In February 2021, it was reported that drug shortages in South Africa had worsened due to a combination of factors, including the COVID-19 pandemic, a lack of investment in local manufacturing, and regulatory delays.

The shortages have affected both essential medicines and drugs used to treat COVID-19. For example, some hospitals were reportedly running out of oxygen supplies, while others were experiencing shortages of painkillers, antibiotics, and other critical drugs. The situation was particularly acute in rural areas and townships, where healthcare infrastructure is often under-resourced and overburdened.

According to the South African Health Products Regulatory Authority, the COVID-19 pandemic has disrupted global supply chains and led to shortages of raw materials, which has in turn affected the production and distribution of medicines. In addition, the agency noted that there has been a lack of investment in local manufacturing, which has made the country more dependent on imports.

The regulatory delays have also been a factor in the drug shortages. For example, some pharmaceutical companies have faced delays in getting approval for their products, which has led to supply chain disruptions and shortages.

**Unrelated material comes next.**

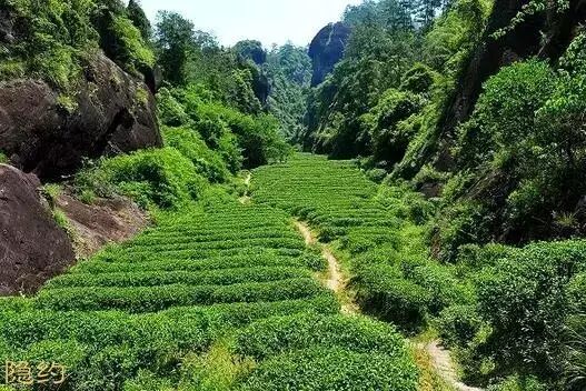 武夷岩茶产区位于北纬27-28度之间,丹霞地貌,峰峦叠嶂,区内岩石多呈红色碎屑沉积。经长期自然风化,加上降水充沛,光温适宜,恰合陆羽《茶经》所说:“上者生烂石,中者生砾壤”。武夷茶区多悬崖绝壁,清顺治后,岩茶复苏,茶农利用岩凹、石隙、石缝,沿边砌筑石岸种茶,有“盆栽式”茶园之称。岩茶区内,有三十六峰九十九岩,行成了“岩岩有茶,非岩不茶”之说,岩茶因此得名。

The South African government has acknowledged the severity of the drug shortages and has taken steps to address the problem. In March 2021, President Cyril Ramaphosa announced a plan to invest in local pharmaceutical manufacturing, with the aim of reducing the country’s reliance on imports. The government has also established a task force to address the drug shortages and ensure that essential medicines are available to those who need them.

Overall, the drug shortages in South Africa have highlighted the need for greater investment in healthcare infrastructure and local manufacturing, as well as more effective regulatory processes to ensure that essential medicines are available to all who need them.